What you have to do ▸ An exact copy of all the lines below is required, with every image left out.

────

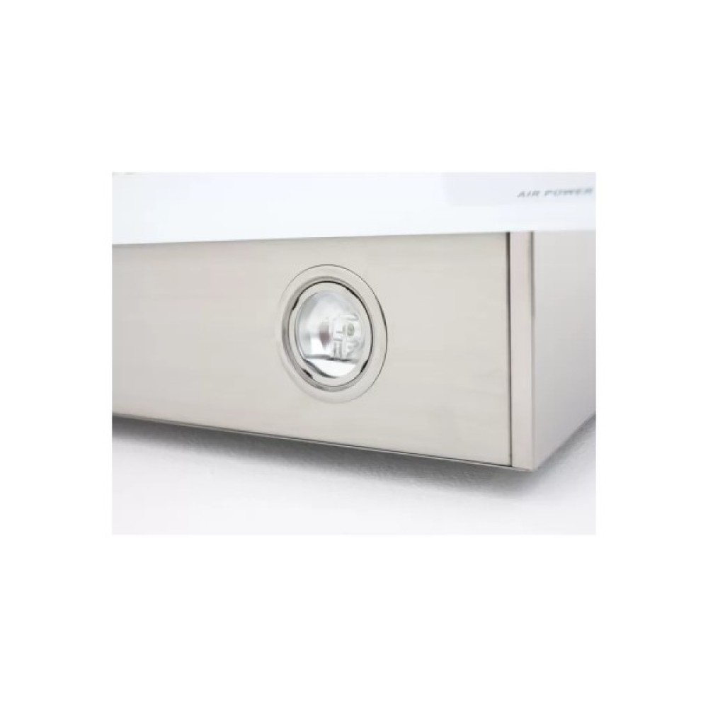 Висвітлення витяжки здійснюється за допомогою світлодіодів потужністю 2x0.5 Вт, що забезпечує яскраве та економічне освітлення робочої зони. Один потужний двигун та три швидкості роботи дозволяють адаптувати продуктивність витяжки під поточні потреби.
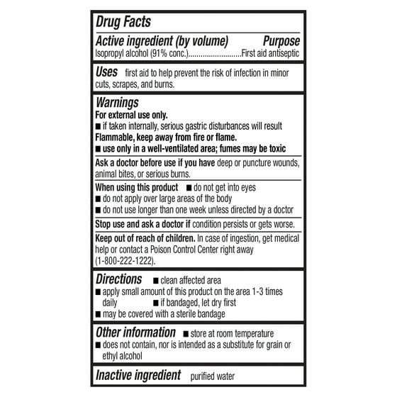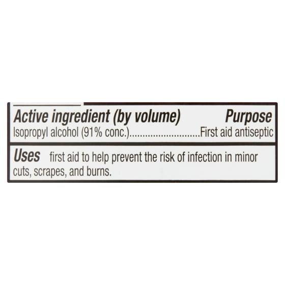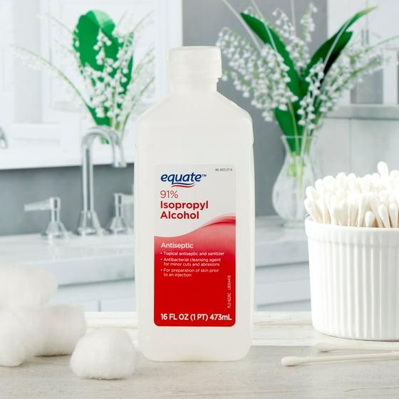Equate 91% Isopropyl Alcohol Liquid Antiseptic is the perfect solution for cleaning and sanitizing skin and surfaces. The 91% isopropyl alcohol solution is a powerful agent for cleaning cuts, burns, scrapes, and scratches while also promoting a speedy recovery. It is also excellent for cleaning oils, greases, glues, and inks from surfaces. Each 16-ounce bottle is ideal for every first aid kit at home, in your car, or at the office. For those who must self-administer injections for medical conditions like diabetes, this solution is perfect for sterilizing both your needle and the injection site. Whether you're sterilizing a wound, or simply want a fresh, clean home free of germs, this cleaning and sanitizing solution is the answer. For whenever you need a helping hand, bring home a 16-ounce bottle of Equate 91% Isopropyl Alcohol Antiseptic today.
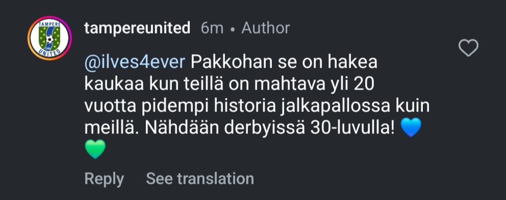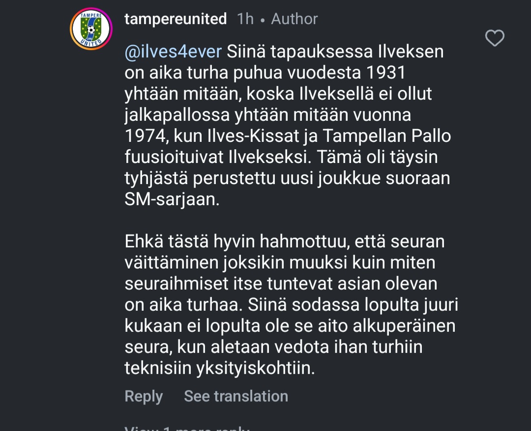 Riitely jatkuu! Adminillä pakkomielle saada kunnon näpäytys yksittäiselle kannattajalleHuutista sille, että seuran oma ig riitelee jonkun Ilves-kannattajan kanssa kommenteissa![]()
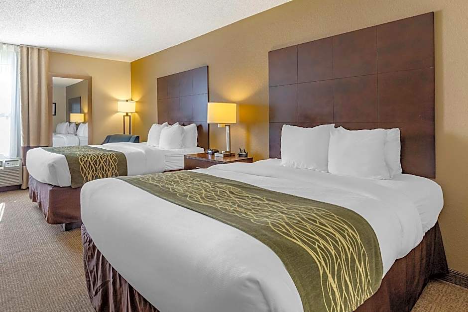 Comfort Inn offers a variety of room types including Queen Rooms with Two Queen Beds, King Rooms, and rooms with hot tubs. The rooms range in size from 248 sqft to 301 sqft, accommodating up to 4 adults and 3 children or 2 adults and 1 child. Smoking is not allowed in any of the rooms available at the hotel.
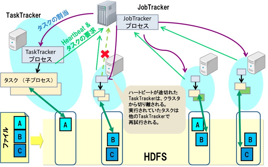 MapReduce処理基盤ではTaskTrackerが故障し、そのTaskTrackerで実行していたタスクが完了できない場合はJobTrackerが他のTaskTrackerに同じタスクを割り当てる。これによりMapReduceジョブ全体を最初からやり直す必要がなく、継続して実行することが可能。

────

Written solution ▸
 Висвітлення витяжки здійснюється за допомогою світлодіодів потужністю 2x0.5 Вт, що забезпечує яскраве та економічне освітлення робочої зони. Один потужний двигун та три швидкості роботи дозволяють адаптувати продуктивність витяжки під поточні потреби.
Equate 91% Isopropyl Alcohol Liquid Antiseptic is the perfect solution for cleaning and sanitizing skin and surfaces. The 91% isopropyl alcohol solution is a powerful agent for cleaning cuts, burns, scrapes, and scratches while also promoting a speedy recovery. It is also excellent for cleaning oils, greases, glues, and inks from surfaces. Each 16-ounce bottle is ideal for every first aid kit at home, in your car, or at the office. For those who must self-administer injections for medical conditions like diabetes, this solution is perfect for sterilizing both your needle and the injection site. Whether you're sterilizing a wound, or simply want a fresh, clean home free of germs, this cleaning and sanitizing solution is the answer. For whenever you need a helping hand, bring home a 16-ounce bottle of Equate 91% Isopropyl Alcohol Antiseptic today.
 Riitely jatkuu! Adminillä pakkomielle saada kunnon näpäytys yksittäiselle kannattajalleHuutista sille, että seuran oma ig riitelee jonkun Ilves-kannattajan kanssa kommenteissa![]()
 Comfort Inn offers a variety of room types including Queen Rooms with Two Queen Beds, King Rooms, and rooms with hot tubs. The rooms range in size from 248 sqft to 301 sqft, accommodating up to 4 adults and 3 children or 2 adults and 1 child. Smoking is not allowed in any of the rooms available at the hotel.
 MapReduce処理基盤ではTaskTrackerが故障し、そのTaskTrackerで実行していたタスクが完了できない場合はJobTrackerが他のTaskTrackerに同じタスクを割り当てる。これによりMapReduceジョブ全体を最初からやり直す必要がなく、継続して実行することが可能。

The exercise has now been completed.